## [INSTRUCTIONS TO FOLLOW]
Copy out every line of the data exactly; do not include the images.

## [INFORMATION SUPPLIED]

*** Block opens ***

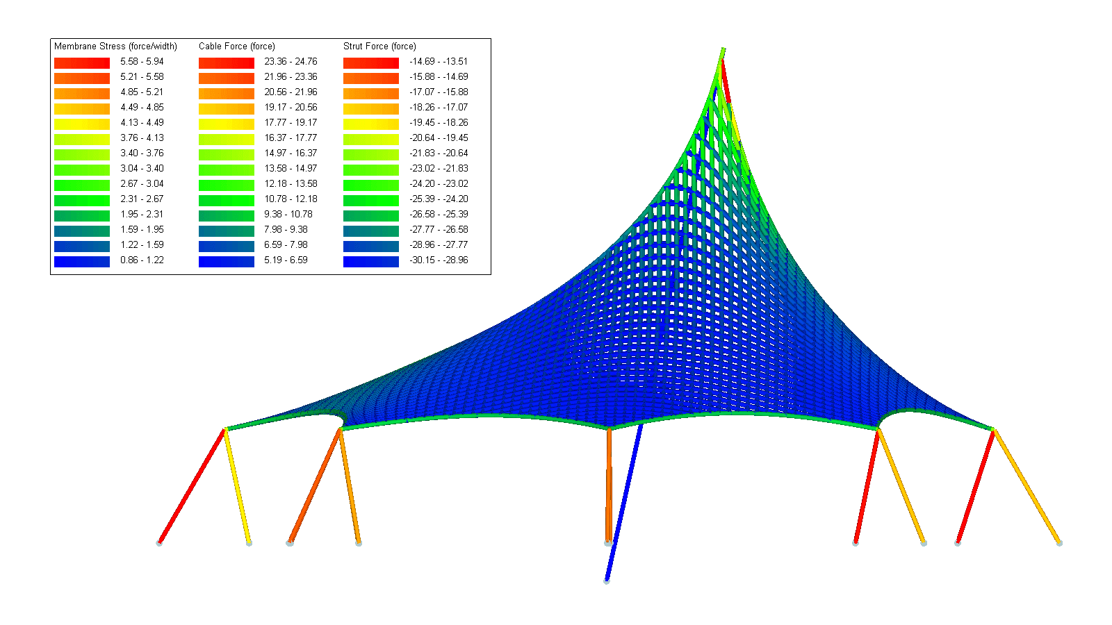 Die Auswertung der Formfindungsergebnisse wird durch Easy.Form garantiert. Die Software bietet Tools zur Visualisierung der Kraft- und Spannungsverteilungen sowie Höhenlinien und Falllinien zur Entwässerungsanalyse.
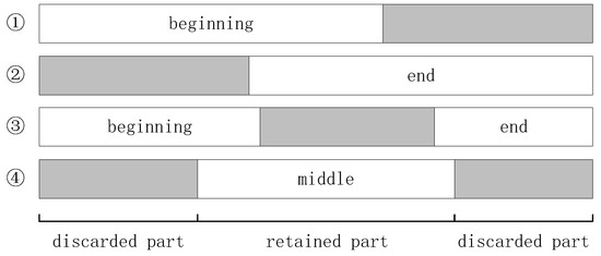 Due to model limitations, hardware constraints, and computing power, models often can only handle text content of limited lengths during training. For example, the BERT [32] model imposes a maximum character length limit of 512 for input data. Prior works on multimodal sentiment classification, such as Yang et al. [33] and Truong et al. [25], have utilized a direct truncation strategy during training. This strategy involves retaining the first part of a text and discarding the rest for texts exceeding a certain length threshold M, as depicted in Figure 3. However, all the traditional truncation methods depicted in Figure 3 have flaws in this application. If long texts are processed using these traditional truncation strategies, important sentiment information contained in the discarded part would be lost, which might not necessarily be unimportant. These traditional truncation strategies are clearly unreasonable. Therefore, we propose a visual distillation module, based on the algorithm [29] from VisdaNet [29], which we renamed as the algorithm, to improve upon the traditional truncation strategies.
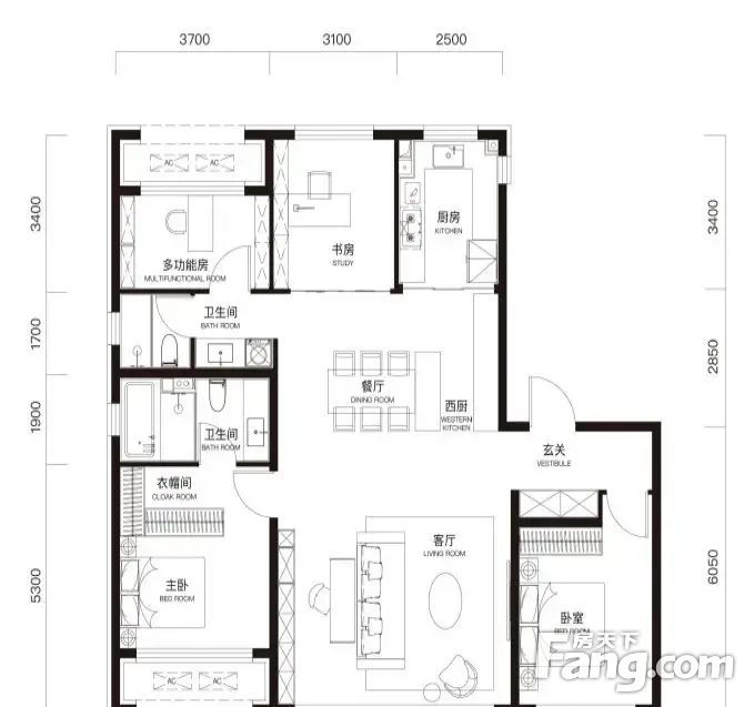 房屋拥有相对宽松的尺寸,布局通透,动静分离,设计豪华

*** Block closes ***

## [ANSWER FOR THIS EXERCISE]
 Die Auswertung der Formfindungsergebnisse wird durch Easy.Form garantiert. Die Software bietet Tools zur Visualisierung der Kraft- und Spannungsverteilungen sowie Höhenlinien und Falllinien zur Entwässerungsanalyse.
 Due to model limitations, hardware constraints, and computing power, models often can only handle text content of limited lengths during training. For example, the BERT [32] model imposes a maximum character length limit of 512 for input data. Prior works on multimodal sentiment classification, such as Yang et al. [33] and Truong et al. [25], have utilized a direct truncation strategy during training. This strategy involves retaining the first part of a text and discarding the rest for texts exceeding a certain length threshold M, as depicted in Figure 3. However, all the traditional truncation methods depicted in Figure 3 have flaws in this application. If long texts are processed using these traditional truncation strategies, important sentiment information contained in the discarded part would be lost, which might not necessarily be unimportant. These traditional truncation strategies are clearly unreasonable. Therefore, we propose a visual distillation module, based on the algorithm [29] from VisdaNet [29], which we renamed as the algorithm, to improve upon the traditional truncation strategies.
 房屋拥有相对宽松的尺寸,布局通透,动静分离,设计豪华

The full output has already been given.